War Room

Howard Fineman, mind reader

On MSNBC, the Newsweek columnist said nothing Hillary Clinton does is accidental. Really? Nothing? Video

As we said earlier, we spent Tuesday night watching MSNBC, waiting to spot the newest examples of its anchors, reporters and hosts going off the deep end when discussing Hillary Clinton. Chris Matthews wasn't the only one to come through exactly as expected -- Newsweek's Howard Fineman had a shameful moment of his own.

Fineman was asked by Matthews to opine on what Clinton meant when she was asked in a recent interview with CBS about Barack Obama's religious faith. (Video of the discussion between Matthews and Fineman is below.)

Here's the full exchange between Clinton and interviewer Steve Kroft:

"You don't believe that Senator Obama's a Muslim?" Kroft asked Sen. Clinton.

"Of course not. I mean that, you know, there is no basis for that. I take him on the basis of what he says. And, you know, there isn't any reason to doubt that," she replied.

"You said you'd take Senator Obama at his word that he's not ... a Muslim. You don't believe that he's ...," Kroft said.

"No. No, there is nothing to base that on. As far as I know," she said.

"It's just scurrilous ...?" Kroft inquired.

"Look, I have been the target of so many ridiculous rumors that I have a great deal of sympathy for anybody who gets, you know, smeared with the kind of rumors that go on all the time," Clinton said.

There's been a fair amount of parsing of exactly what Clinton meant, and questions about whether her statements were strong enough or whether she meant to subtly imply that in fact she does believe Obama is a Muslim. Fineman didn't hesitate to jump on that bandwagon, saying he understood exactly what Clinton was thinking during the interview. "Hillary Clinton doesn't do anything by accident," Fineman said. "I watched that CBS tape of Steve Kroft's interview very, very carefully and Hillary was brilliantly Machiavellian in sounding indignant while at the same time raising doubts about Obama. She said, 'I have no reason to think that he's anything other than a Christian.' That was -- I mean, I'm a reporter and an analyst, not an editorial writer, but that was positively Nixonian in its pauses and innuendos. Look at it and look at it carefully, there was nothing accidental about it."

That was, we thought, rather a remarkable statement. First, the other thing Fineman isn't, besides an editorial writer, is a psychic who can read Clinton's thoughts (at least, not to our knowledge). Second, how is it possible to believe that Clinton doesn't do anything by accident? Literally every single thing she does and says, every word, is planned?
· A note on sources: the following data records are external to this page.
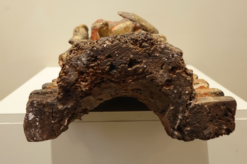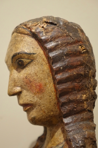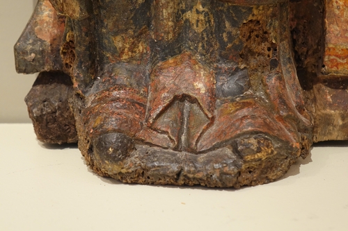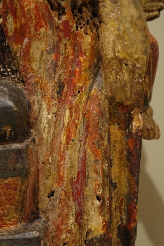Les deux éléments de côté figurant le trône rapportés postérieurement, peut être dû à un dommage lors d’une attaque xylophage .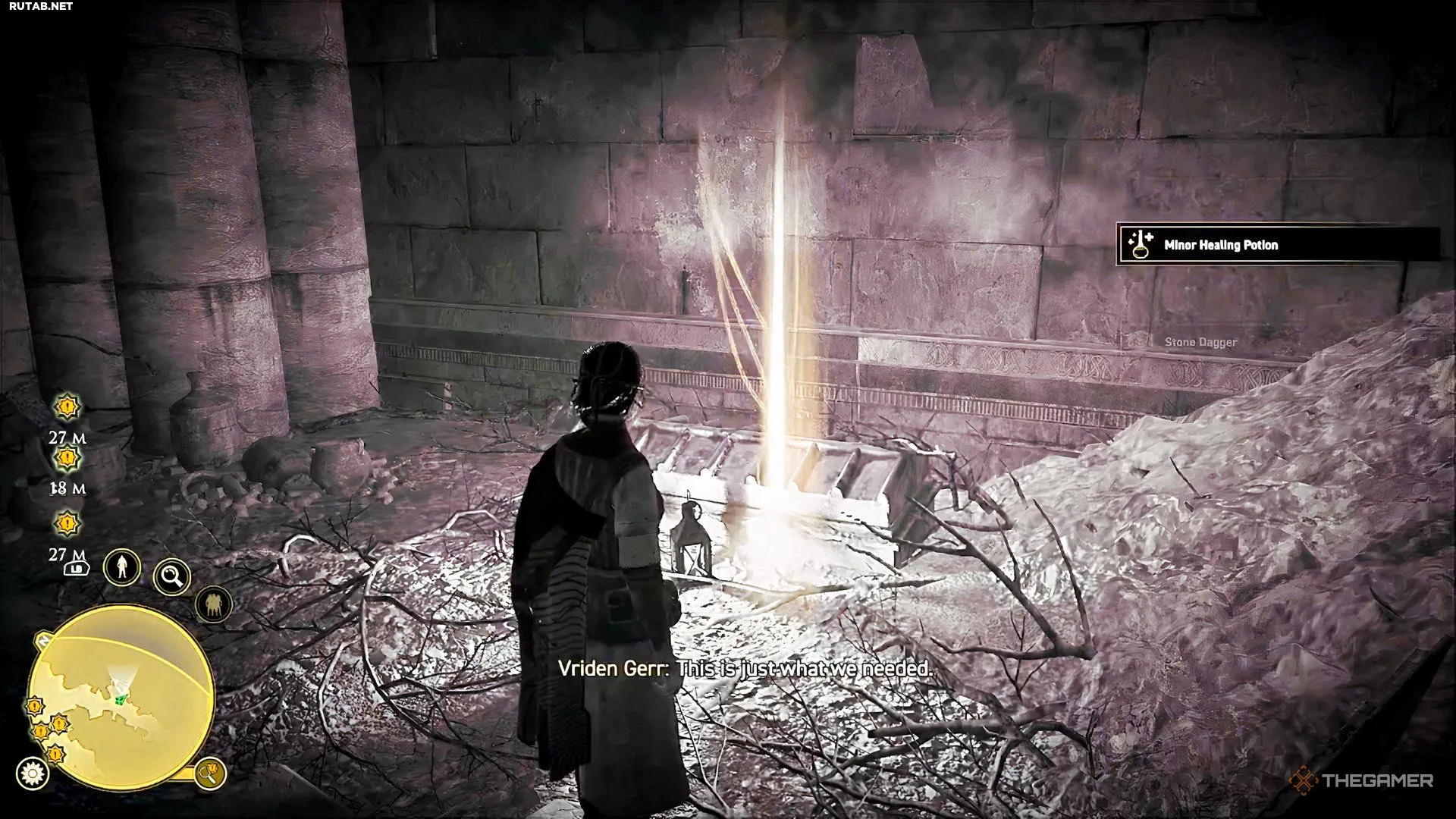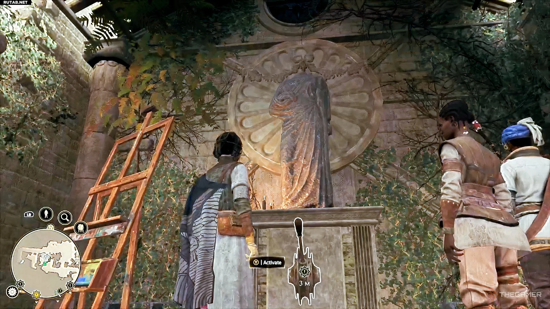 Вам дают записи о каждой статуе. Вы можете прочитать их сразу или сохранить до прибытия в гробницу. Пройдите налево, за группой, и спуститесь глубже в руины.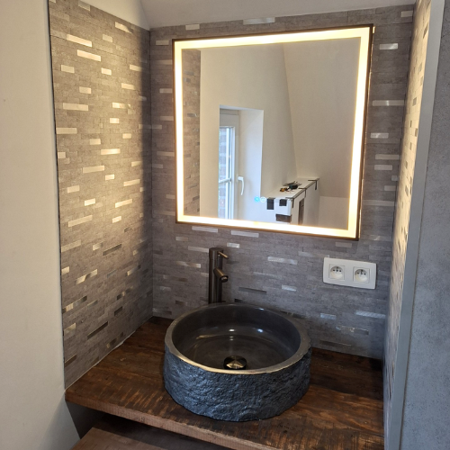 Ihre Wand ist nun vollständig renoviert. Genießen Sie die moderne Fliesen und das professionelle Ergebnis Ihrer Arbeit. Mit selbstklebenden Fliesen schaffen Sie schnell und unkompliziert eine stilvolle neue Raumwirkung.

That just doesn't make any sense -- indeed, it seems physically impossible.

Forget for a moment the question of whether Hillary Clinton really is as manipulative and calculating as a lot of people believe she is. Maybe she is, but that's not relevant here. This is a question of basic journalism.

Fineman went on national television and gave an analysis of Clinton's private thoughts based on the pauses in her speech. There is simply no possibility that Fineman can accurately intuit anything that way on a consistent basis, or that any human being could. As Margaret Talbot reported in the New Yorker last year, "Human beings are terrible lie detectors. In academic studies, subjects asked to distinguish truth from lies answer correctly, on average, fifty-four per cent of the time. They are better at guessing when they are being told the truth than when they are being lied to, accurately classifying only forty-seven per cent of lies."

I'm pretty sure Fineman isn't a recent visitor from Krypton, so I doubt he has superhuman abilities in this area. And pretending he does -- and that his mind reading should be the basis for the spreading of a very, very serious allegation about Clinton to hundreds of thousands of people -- is nothing less than a gross disservice to MSNBC's viewers.